At that point, I tried adjusting the prompt, but Cursor kept looping. Without programming experience, debugging this would've taken hours, but with developer knowledge, it took just a few minutes to spot the issue and fix the logic.
Still, these were signs of deeper gaps:
- I asked it to seed data and it added the seed into a migration. Later, I asked it to seed more data, so it created a service, but that service only ran if the table was empty. Since the migration had already inserted a record, the condition was never met, and the service didn't execute. The logic was technically correct, but contextually flawed. As a result, the additional data would never be seeded in any environment.
- I asked it to calculate ELO per team. As a developer, I knew this required expanding the data model to store the team's rating at the time each match was played. But the AI didn't create the necessary migration or even mention that a schema change was needed. It silently failed to persist the new structure, which meant the rating data was never stored correctly.

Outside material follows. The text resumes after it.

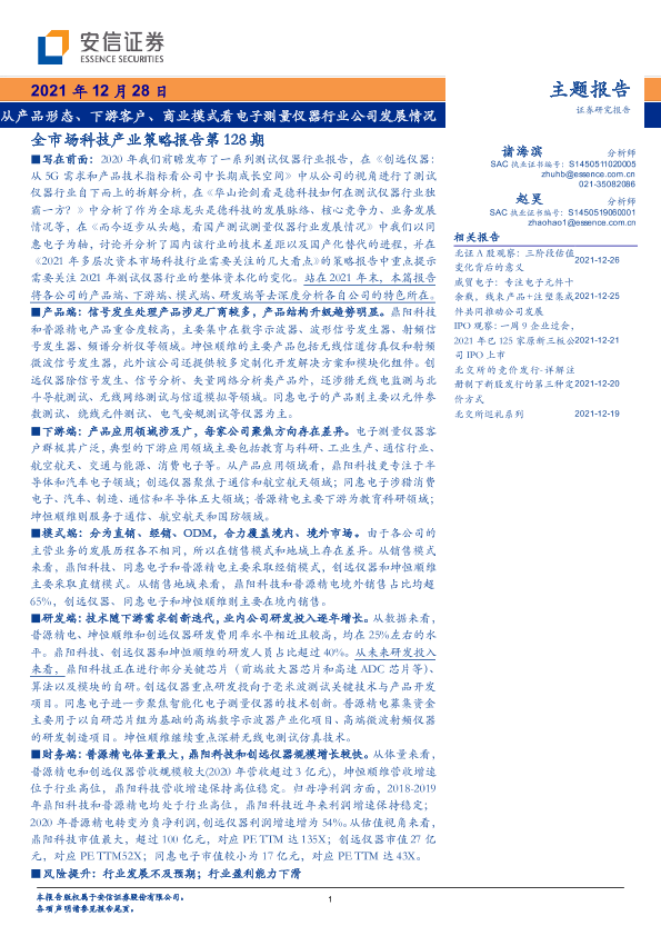 【安信证券】【20211228】全市场科技产业策略报告第128期:从产品形态、下游客户、商业模式看电子测量仪器行业公司发展情况-51页

The generated code also had performance issues. For example, inside a foreach
, it repeatedly hit the database classic N+1 query problem. Each iteration triggered a new query instead of batching, causing severe overhead. As an MVP, it worked but this approach wouldn't scale in a production environment.
Here's an example of that unoptimized logic:
// First problem var profiles = await _context.PlayerProfiles.ToListAsync(); var processedMatchIds = new HashSet<long>(); var profileIds = profiles.Select(p => p.AoeProfileId).ToList(); try { if (apiResponse?.MatchHistoryStats == null) return; var matchesWithFullLobby = apiResponse.MatchHistoryStats .Where(x => x.MatchHistoryReportResults.Count == 8) .ToList(); foreach (var match in matchesWithFullLobby) { if (processedMatchIds.Contains(match.Id)) continue; // Second problem var doAllPlayersExist = match.MatchHistoryReportResults.All(p => _context.PlayerProfiles.Any(pp => pp.AoeProfileId == p.ProfileId)); ...
Loading All Players into Memory Upfront: In the first problem, the entire set of players is loaded from the database into memory. This includes all columns for each player which could be 20-30 fields and potentially thousands of rows.
- Why it's inefficient: This operation is memory-intensive and unnecessary if only a subset of the data (like player IDs) is used later.
- Impact: Increased memory usage, slower performance, and potential scalability issues.
Redundant Per-Player Database Queries in Loop: In the last line, there's a database query executed inside nested loops (once for each player in every match).
- Why it's ironic: The full player data was already loaded earlier, but instead of using it, the code redundantly queries the same information again.
- Impact: Results in a large number of database hits (potentially thousands), which significantly degrades performance and increases latency.
Conclusion
For MVPs, this new "code vibing" trend is powerful. You really can build something valuable fast. But AI alone isn't enough - it still needs a developer behind the wheel to keep it from veering off course.
If this MVP leads to funding or real users, the quick wins need to be revisited. Code written with speed in mind, especially when AI is involved often lacks structure, tests, and long-term maintainability. That's fine early on, but it quickly becomes tech debt. To go from prototype to production, you'll need to refactor, standardize, and own the architecture with intention.